Starting with something as simple as, “Thank you for sharing that with me,” can reassure your child that you support them, they aren’t in trouble, and you want to make sure they’re OK.
And, while it can sting, it’s also OK if you aren’t the first person your child talks to about being bullied, Lau Johnson says. Try to be proud of the fact that they spoke up to someone and focus on what you can do now to help them.
You want to let your child know you hear what they’re saying, you believe them and you recognize what they’re going through is painful.
To validate what your child is feeling, try phrases like:
- “Wow, that is really hard.”
- “I can see how upset you are. It makes sense that you’re hurting when someone treats you like that.”
- “Going through that is awful. You deserve to be treated with respect.”
If you’ve noticed a change in their behavior, you can also mention it.
“Saying, ‘I had a sense something was going on,’ or ‘I noticed you’ve been quieter’ can help your kid feel validated that you’ve been paying attention and that you’re there,” Lau Johnson says.
Document what happened
Writing down what happened allows your child to share the details of the bullying and provides documentation if you decide together to notify the school.

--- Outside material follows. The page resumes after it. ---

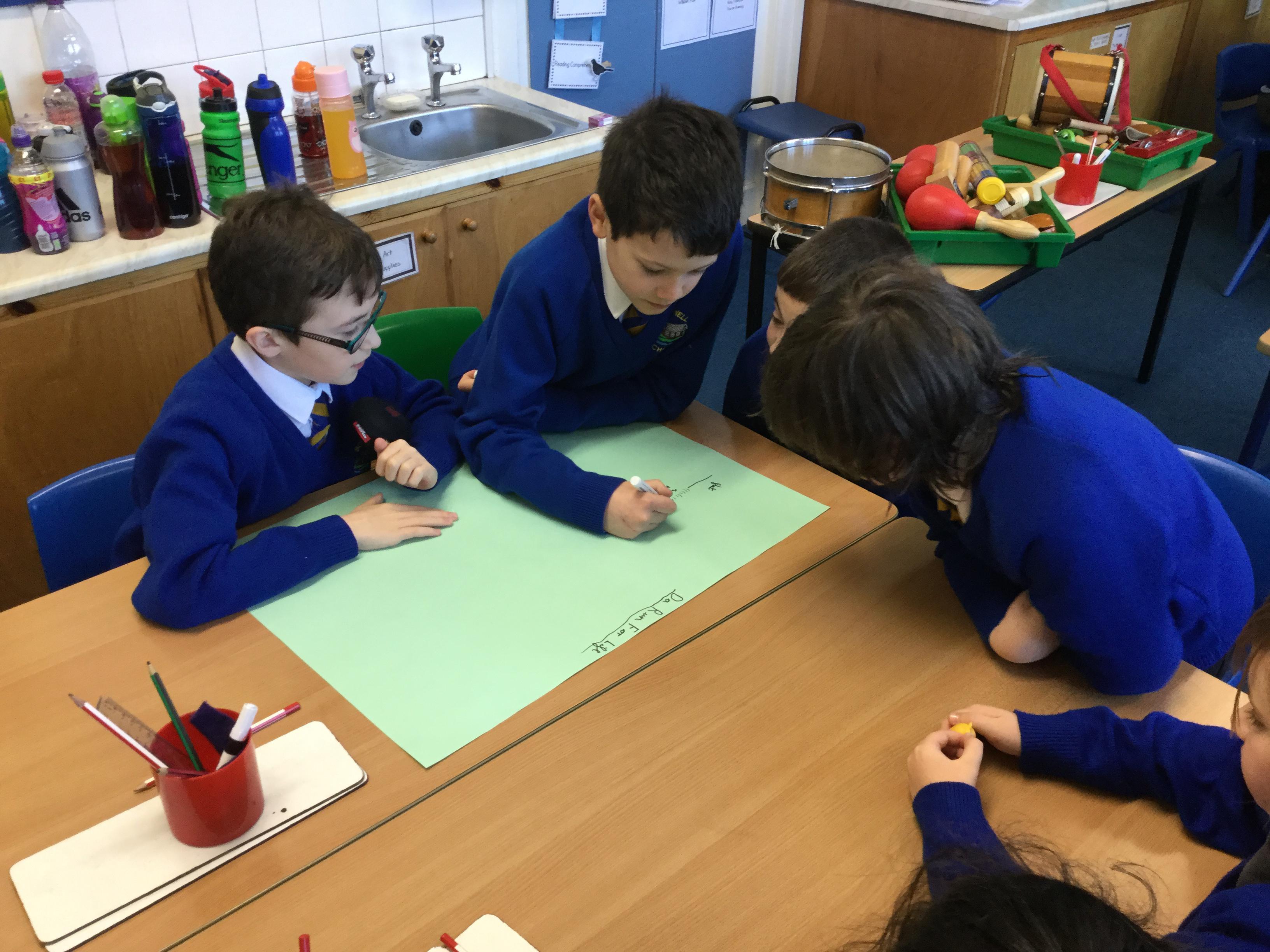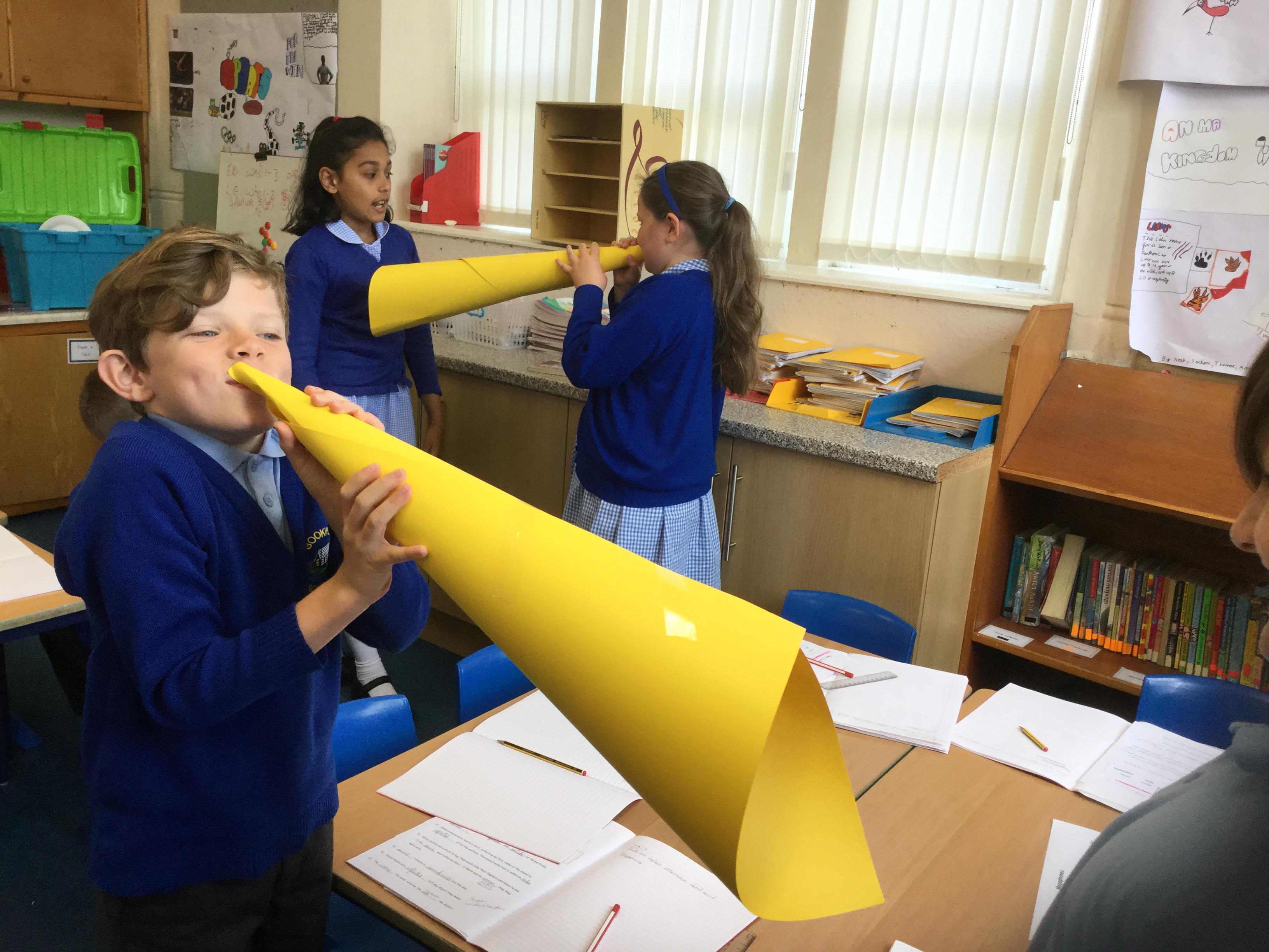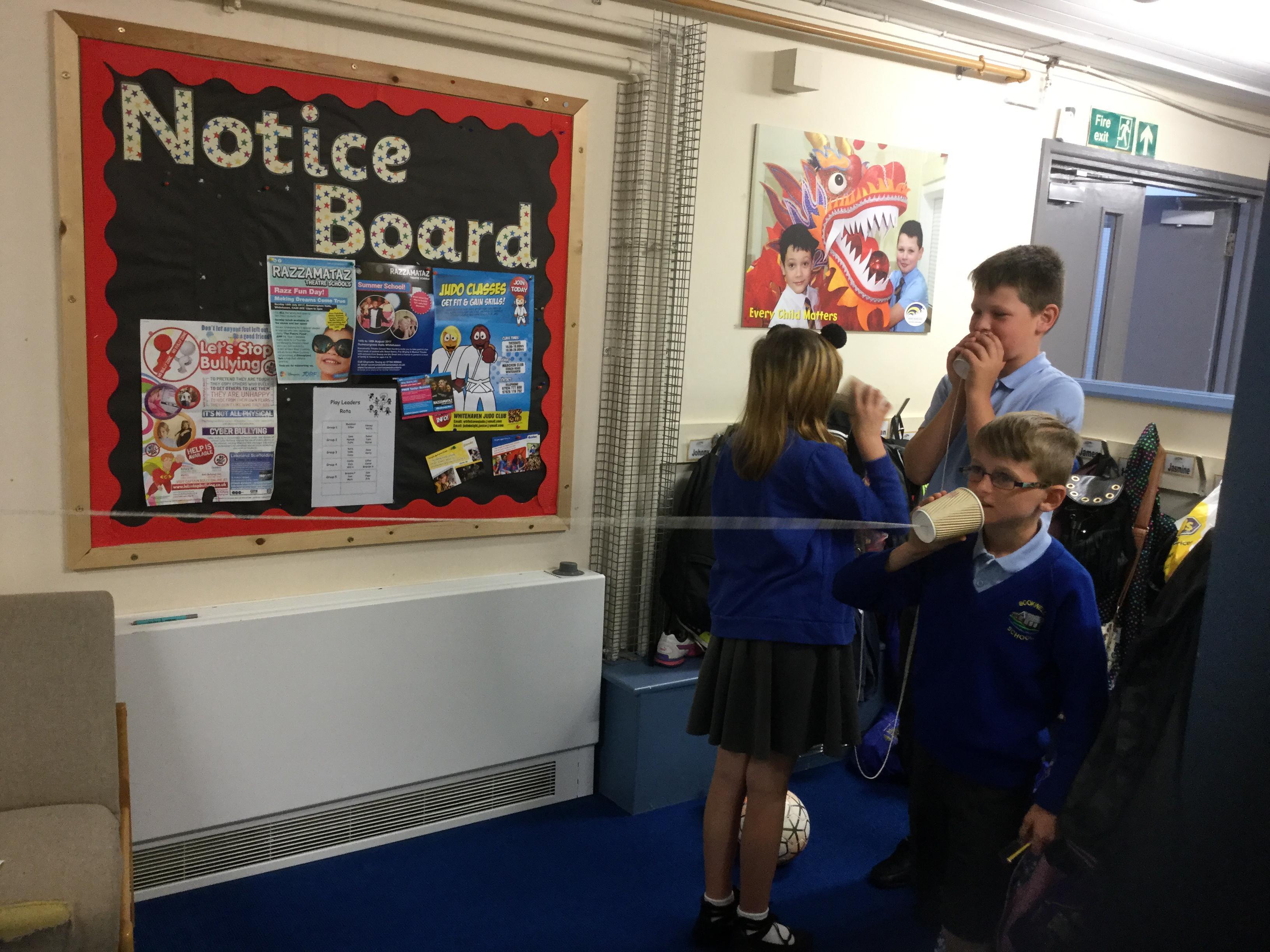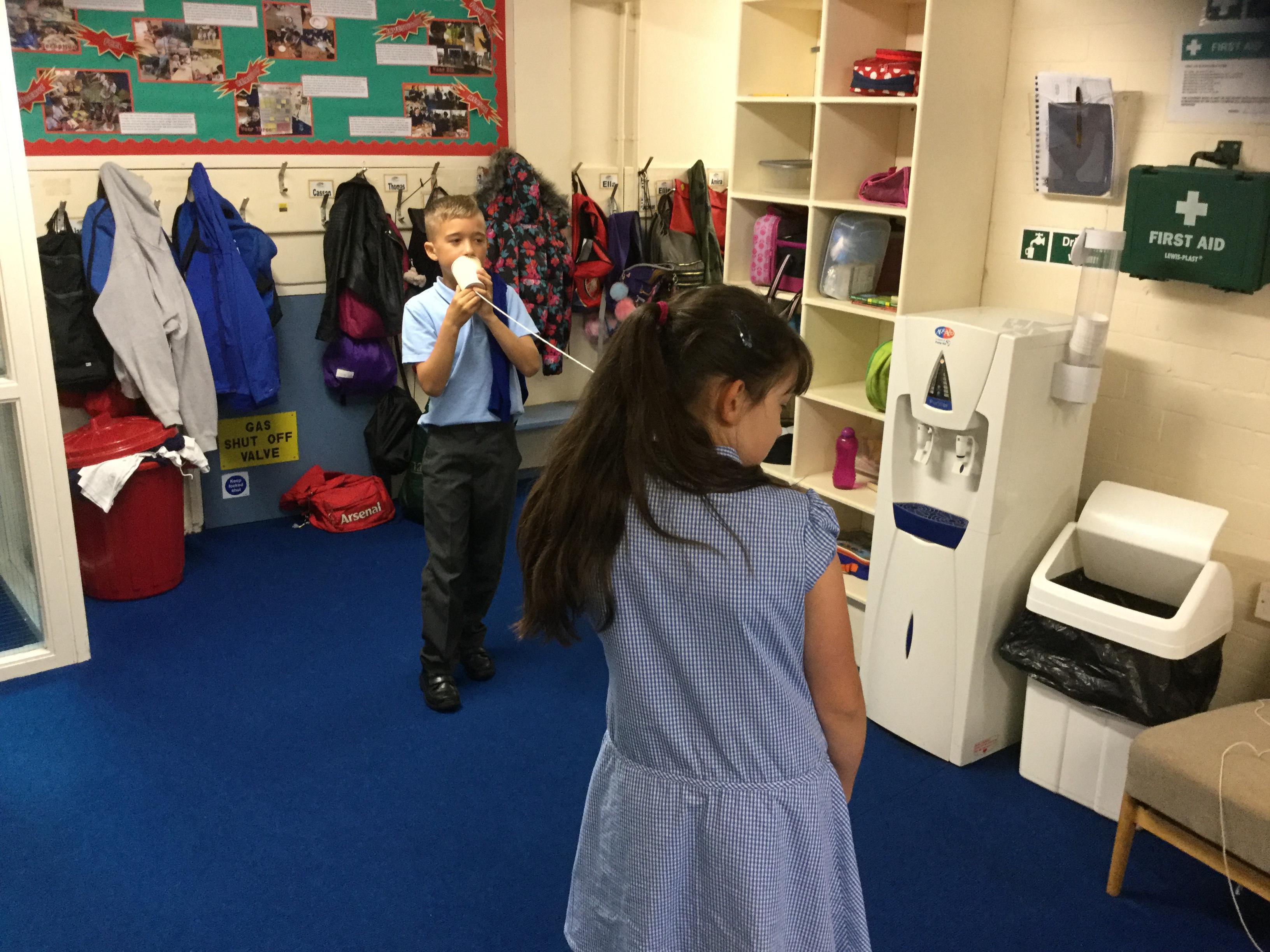 In science we have been exploring sound waves and how sound travels through solids, liquids and gases. Today the children were investigating how sound vibrations behave in different situations.

“Be clear with your kid. Say, ‘I’m just going to write this down, this is for us. Then we can make a decision of what we want to do,’” Lau Johnson says.
Involve your child
Being bullied can make kids feel out of control, so you want to allow them to have input and control in finding a solution that makes them feel safe.
Elementary-aged kids will need more guidance, Lau Johnson says. Model coming up with a plan of what to do, then ask your child if the plan sounds OK and see if they’d like to be involved. This could look like saying, “I’m going to talk to your principal about what happened. Would you like to come with me and join in that conversation?”
You want to give middle and high school kids the choice of what they’d like to do. Be clear that you think something should be done, then open a conversation to see what next steps would feel good to them. Check in with them as you make the plan together to see if they like it and think it will work.
Being bullied hurts. It can decrease self-esteem and increase anxiety and depression. If your child is being bullied, you want to remind them through words and actions that they are seen and loved for who they are.
A simple way to do this is to spend time with your child, whether it’s making dinner together, doing errands or making the commitment to sit with them, even if you don’t have something to do.
“You want to really reduce the amount of time your child is alone,” Lau Johnson says. “You’re nonverbally communicating that you enjoy being around them and enjoy their presence.”
You can also ask your child if they’d be interested in talking to someone, like a school counselor or a therapist, as well as offer to go to a session with them if that would make them more comfortable.
No matter what your child decides, let them know you support them and that you’re there to talk — and especially to listen.